Возможно, она даже заставит Найтли ревновать.
А также даст знать, что она любит розовые розы, на случай, если он когда-нибудь решит послать ей цветы.
— У меня сложилось определенное впечатление, что его симпатия к вам и вашей колонке определила благоприятное мнение об «Уикли», — продолжал Найтли. Смысл его слов был совершенно ясен. Мучительно, болезненно ясен.
— Если вы станете поощрять его, Аннабел, это невероятно поможет газете. И вы сделаете мне огромное одолжение.
Теперь сердце Аннабел билось совсем медленно. Только вот дышать она почему-то не могла.
«Не требуйте этого от меня», — хотелось ей взмолиться. Но слова застревали в горле.
Все потому, что он любил газету. Она это знала. Он был так близок к цели, и потерять «Уикли» означало потерять все. Она понимала Дерека, но от этого становилось еще больнее.
Он не знал о ее чувствах, уговаривала она себя. Иначе не просил бы у нее этого злосчастного одолжения. А если бы просил… нет, об этом подумать невозможно! Не сейчас, в маленьком, темном, душном экипаже, под взглядом Найтли.
Он ждал ответа. Ждал, что она скажет «конечно», потому что именно это делала всегда. Решала проблемы других людей, не считаясь с собственными сердцем и душой.
— Аннабел, — сдавленно пробормотал он.
Похоже, ему больно. Вот и хорошо. Пусть он узнает, что такое боль.
— Понимаю, мистер Найтли.
И она понимала. Но это не означало, что ей нравилась его просьба. Или что она ее исполнит. Или что это не ощущалось холодным лезвием кинжала в ее теплом, бьющемся сердце.
Остаток пути оба молчали. Но Аннабел чувствовала каждый брошенный в ее сторону взгляд.
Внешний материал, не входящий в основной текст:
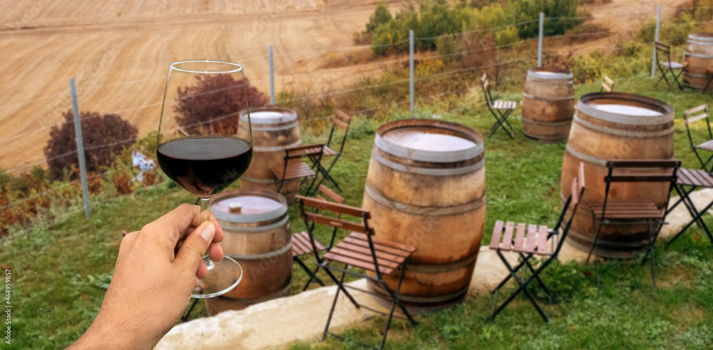 hand holding wine glass in vineyard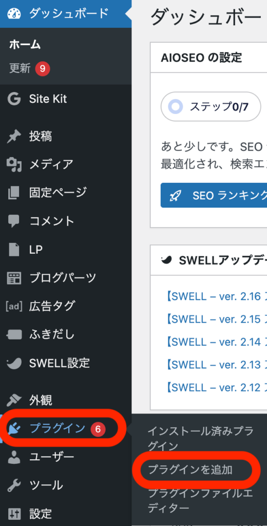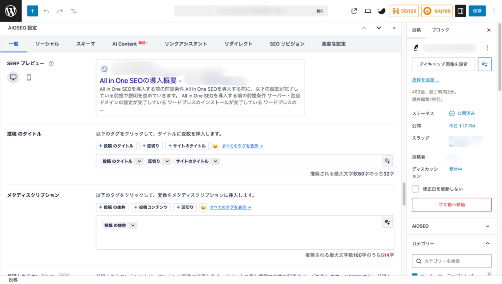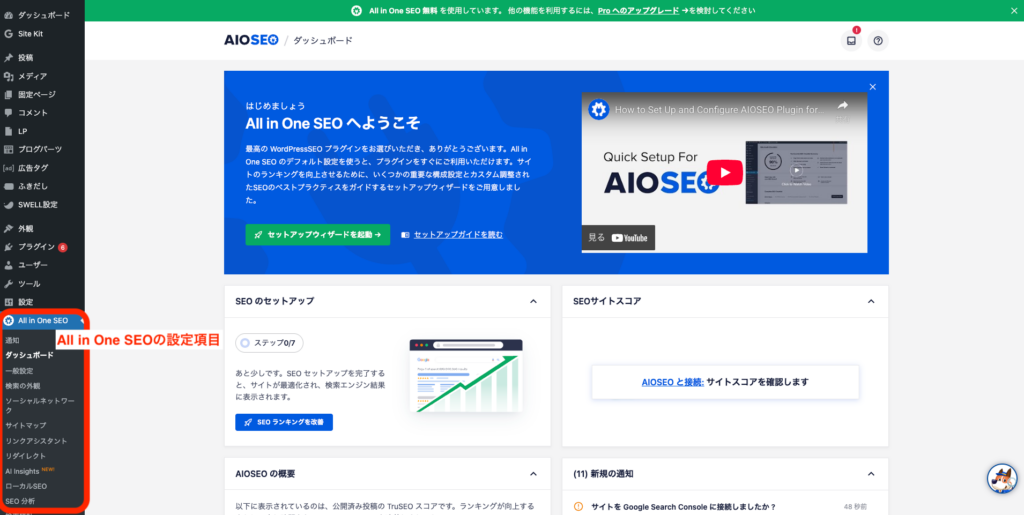 以上で、WordPress管理画面にAll in One SEOの設定項目が追加されました。
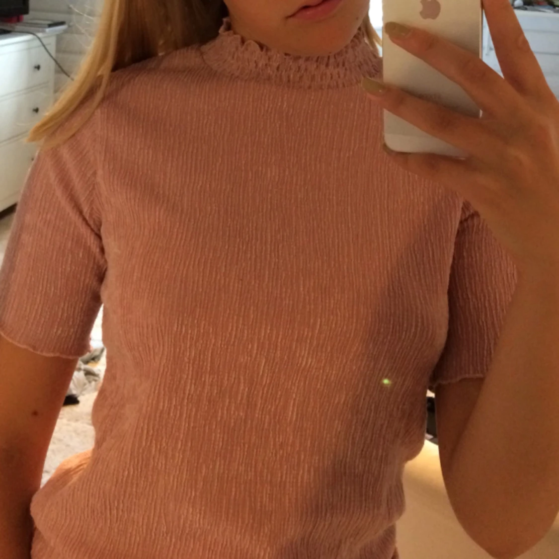 Plisserad blus i gammelrosa färg. Inköpt för ett år sedan och endast använd vid ett tillfälle, alltså i nyskick. Finns att hämta i Stockholm alternativt fraktas mot en fraktkostnad. Från ett djur och rök-fritt hem.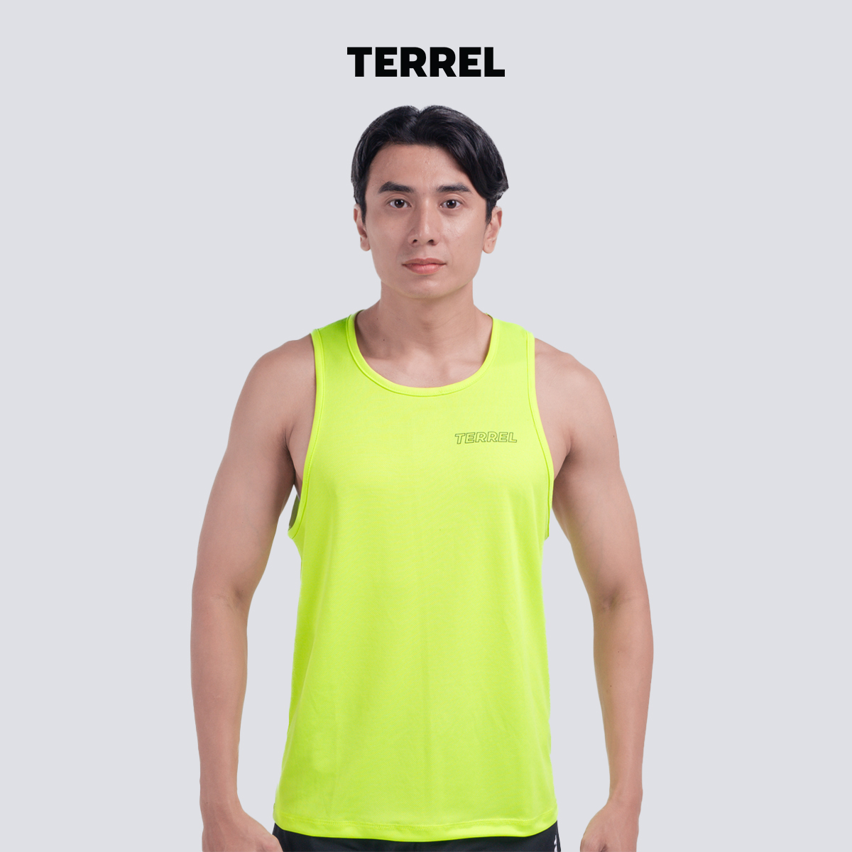 Terrel sportswear basic tanktop green volt sleeveless singlet pria dry fit gym running pria
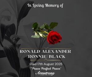 BLACK, RONALD ALEXANDER (RONNIE) Suddenly in Accrington, Lancashire, England. Dearly beloved son of Muriel and the late Ernie. A loving brother of Sandra and the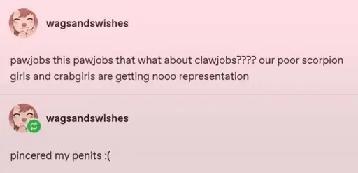transcription: pawjobs this pawjobs that what about clawjobs??? our poor scorpion girls and crabgirls are getting nooo representation… picered my penits :(

Старая Аннабел попыталась бы успокоить свою совесть, даже если его просьба прозвучала гнусно. Но черт с ней, со Старой Аннабел.
— Аннабел, — обронил Найтли, прервав молчание. И даже потянулся к ее руке. Она так долго этого ждала. Ее маленькая изящная ручка в его ладони, теплой, большой и сильной. Но теперь она чувствовала себя покинутой и одинокой, хотя по-прежнему мечтала о том, что он будет с любовью держать ее руку.
Если она сделает то, о чем просил Найтли… значит, он будет ей обязан. И она будет не просто Старой Дорогой Аннабел, а спасительницей «Лондон уикли». Как соблазнительно!
— Аннабел, — повторил он хрипло и осекся, словно не договорив.
Она смутно ощутила, как приоткрываются ее губы.
«Если он поцелует меня, я прощу все…»
Экипаж остановился перед ее домом.
Он не поцелует ее. И вообще это будет дурно. Он, должно быть, собирался окончательно добить ее, сказав что-то о леди Лидии или лорде Марсдене, или о том, как больше всего на свете любит «Лондон уикли». Она все это знала.
И знала также, что Бланш скорее всего смотрит в окно из-за штор гостиной.
— Я должна идти, — вздохнула она, вспоминая совет Таинственной из Челси «всегда оставлять Болвана недовольным и желающим большего».